▸ What to do
Retype, word for word, every line of the records below starting at the one that contains "Чайник заварочный стеклянный" and ending at the one that contains "日系プリント半袖tシャツ男子"; include both of those lines and nothing more.

▸ Raw data
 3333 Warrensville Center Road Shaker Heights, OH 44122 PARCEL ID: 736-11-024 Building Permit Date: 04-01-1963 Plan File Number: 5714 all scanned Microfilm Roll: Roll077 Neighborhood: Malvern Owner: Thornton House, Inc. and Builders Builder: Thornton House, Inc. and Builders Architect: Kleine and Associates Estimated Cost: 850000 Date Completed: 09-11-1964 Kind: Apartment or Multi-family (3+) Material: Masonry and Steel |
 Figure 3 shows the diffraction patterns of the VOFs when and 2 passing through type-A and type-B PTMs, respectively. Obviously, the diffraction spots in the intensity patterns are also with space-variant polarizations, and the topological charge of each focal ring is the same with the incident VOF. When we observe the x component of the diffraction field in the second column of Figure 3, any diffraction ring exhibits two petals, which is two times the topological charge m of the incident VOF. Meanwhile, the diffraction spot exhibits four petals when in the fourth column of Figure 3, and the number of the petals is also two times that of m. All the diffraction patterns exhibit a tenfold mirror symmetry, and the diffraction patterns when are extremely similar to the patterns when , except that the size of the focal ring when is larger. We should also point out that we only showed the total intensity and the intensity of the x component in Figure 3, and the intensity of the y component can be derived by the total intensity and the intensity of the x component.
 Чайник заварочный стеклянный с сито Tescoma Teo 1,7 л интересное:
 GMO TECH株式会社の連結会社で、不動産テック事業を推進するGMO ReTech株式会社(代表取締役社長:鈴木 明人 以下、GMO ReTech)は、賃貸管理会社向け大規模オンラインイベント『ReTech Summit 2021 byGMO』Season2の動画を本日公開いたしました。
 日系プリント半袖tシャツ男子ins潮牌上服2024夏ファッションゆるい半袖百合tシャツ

---

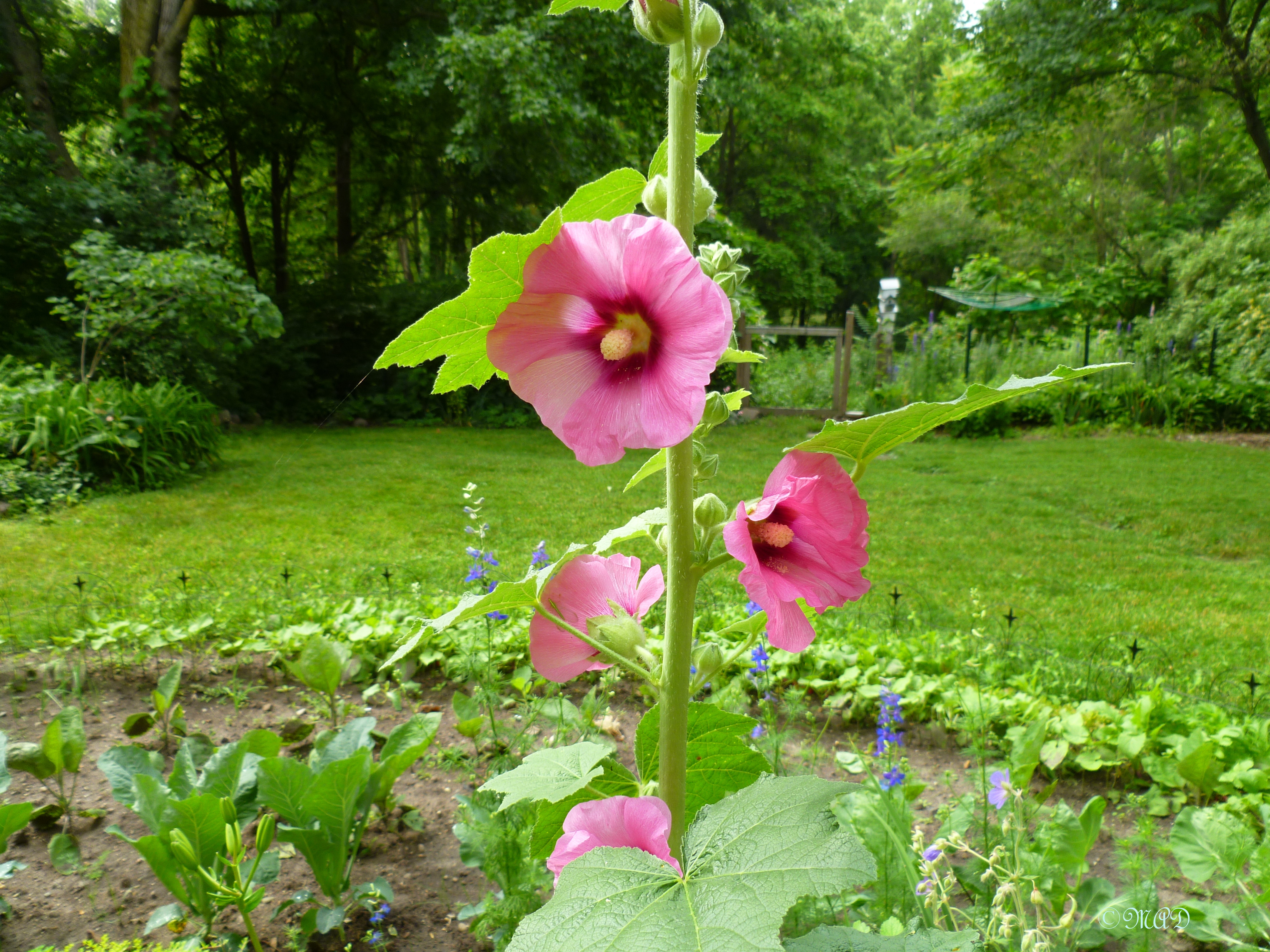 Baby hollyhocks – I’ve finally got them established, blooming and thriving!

▸ Solution to the problem
 Чайник заварочный стеклянный с сито Tescoma Teo 1,7 л интересное:
 GMO TECH株式会社の連結会社で、不動産テック事業を推進するGMO ReTech株式会社(代表取締役社長:鈴木 明人 以下、GMO ReTech)は、賃貸管理会社向け大規模オンラインイベント『ReTech Summit 2021 byGMO』Season2の動画を本日公開いたしました。
 日系プリント半袖tシャツ男子ins潮牌上服2024夏ファッションゆるい半袖百合tシャツ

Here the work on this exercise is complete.